Lake in Massachusetts, United States of America

Monponsett Pond, also called Monponsett Lake and the Twin Lakes, originally one lake is dissected by route 58 into a system of two ponds, West and East, mostly in Halifax, Massachusetts, with a small portion of West Monponsett Pond extending into Hanson. The western basin is 308 acre, and the eastern basin is 272 acre. The average depth of both ponds is seven feet and the maximum depth is 13 ft. The outflow is Stump Brook (Snaky River on some historical maps), located in the northwestern part of West Monponsett Pond, which flows in a southwest direction into Robbins Pond, which forms the headwaters of the Sautucket River, a tributary of The Taunton River. The pond is part of the Taunton River Watershed. Water from Monponsett is diverted into Silver Lake, the principal water supply for the City of Brockton. Water diversions from Monponsett into Silver lake are not permitted during the summer months from June 1 - September 30. Diversions are only allowed during the months of October through May.

Route 58 bisects the two ponds. A paved boat launching ramp to West Monponsett Pond is on this highway north of White Island Road. White Island in the center of the pond is known to have been the fishing camp of Wamsutta, brother of Chief Metacomet (also known as King Philip).

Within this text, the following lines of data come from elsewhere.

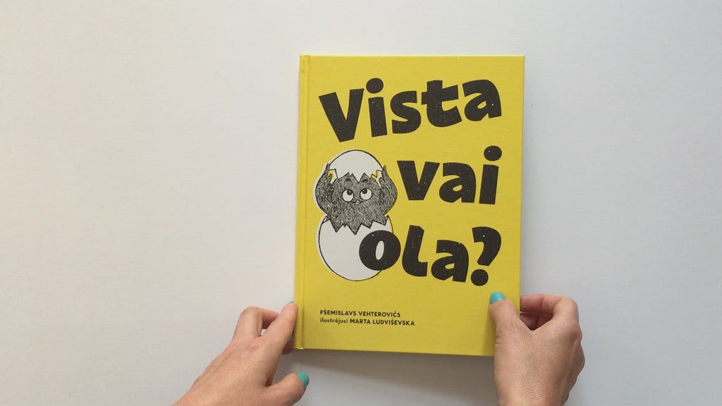 Bilžu grāmata “Vista vai ola?” asprātīgā veidā iepazīstina bērnus ar mūžveco joku par to, kas bija pirmais – vista vai ola? Mazais cālēns, meklējot atbildi uz šo jautājumu, vēršas pie visiem fermas iemītniekiem, pat saimnieka, tomēr katram no sastaptajiem ir cits viedoklis.
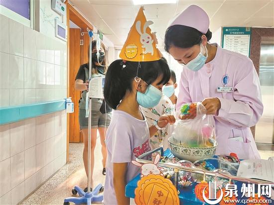 在泉州市第一医院东街院区儿科病房,医护人员为因病没办法回家过节的患儿及家属组织了一场中秋月圆“童欢乐”的主题活动。好玩有趣的游园活动,如找诗词提灯笼、玉兔拔萝卜、玉兔吃月饼、中秋主题涂涂乐、做手工中秋帽……让小患儿乐在其中。针对不能走出病房的特殊儿童,护士将快乐带进病房,邀请孩子们朗诵与中秋节有关的古诗词,让孩子们感受中国传统文化。小患者过节,医院对成年患者也有安排。在该院城东院区泌尿外科,该科室在住院大厅组织了科普宣讲及猜灯谜、博饼等活动,吸引了许多医护人员及患者参与。
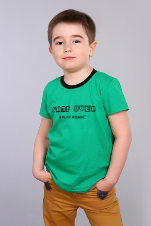 Футболка детская с коротким рукавом. Данная модель выполнена из трикотажного полотна кулирка (хлопок 100%). На полочке присутствует принт. Горловина выполнена из эластичного трикотажного полотна рибана. Модная, стильная модель порадует вас и вашего малыша.
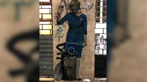 Brexit, Murales sulla May nel centro di Milano: l'autore è Tvboy Lo street artist crea anche 2 graffiti su legittima difesa e D&G 05 APR 2019
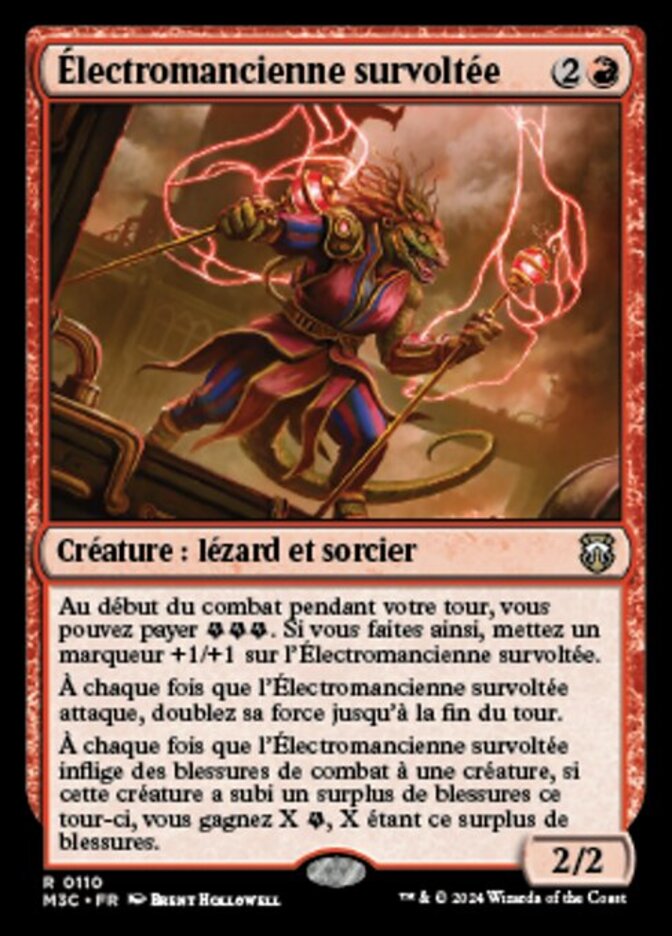 | Rules | At the beginning of combat on your turn, you may pay . If you do, put a +1/+1 counter on Overclocked Electromancer. Whenever Overclocked Electromancer attacks, double its power until end of turn. Whenever Overclocked Electromancer deals combat damage to a creature, if that creature was dealt excess damage this turn, you get X , where X is that excess damage. |
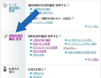 パソコン画面中段の「契約内容の確認・変更」をクリック
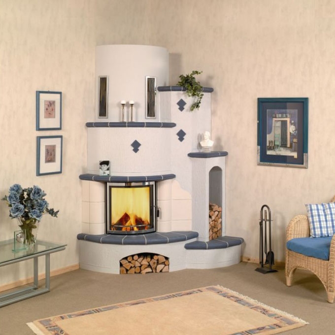 Угловой камин. Изразцы белого цвета. Столешница и каминные полки из изразцов цвета jeans blau. Боковой дровник.
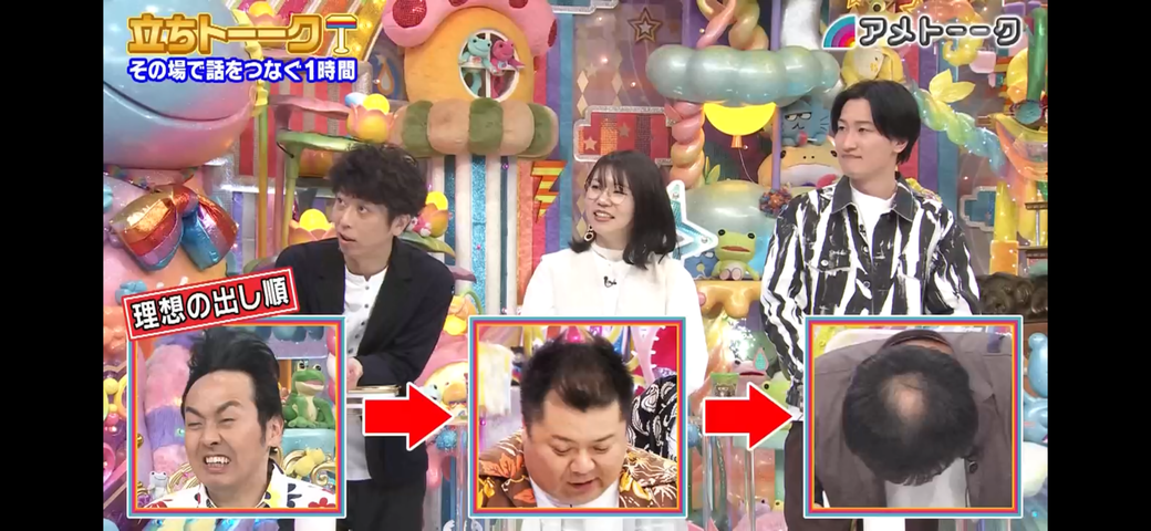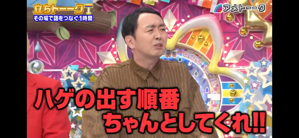 出演芸人が立ち話で珠玉のトークを展開していく企画ですが、その中でアンガールズ田中がスタジオにハゲ芸人が複数いる場合、ハゲを披露する順番を考えて欲しいと話し始めました。

A culvert connecting the two ponds is nearby. Route 106 runs close to the southern shore of East Monponsett Pond, and Route 36 abuts the southeast corner of East Monponsett Pond, where there is a paved launching ramp. Access to West Monponsett Pond for larger boats can be found off of route 58, and for smaller boats there is an unpaved ramp off Lingan Street. Monponsett Pond Seaplane Base is located on this pond.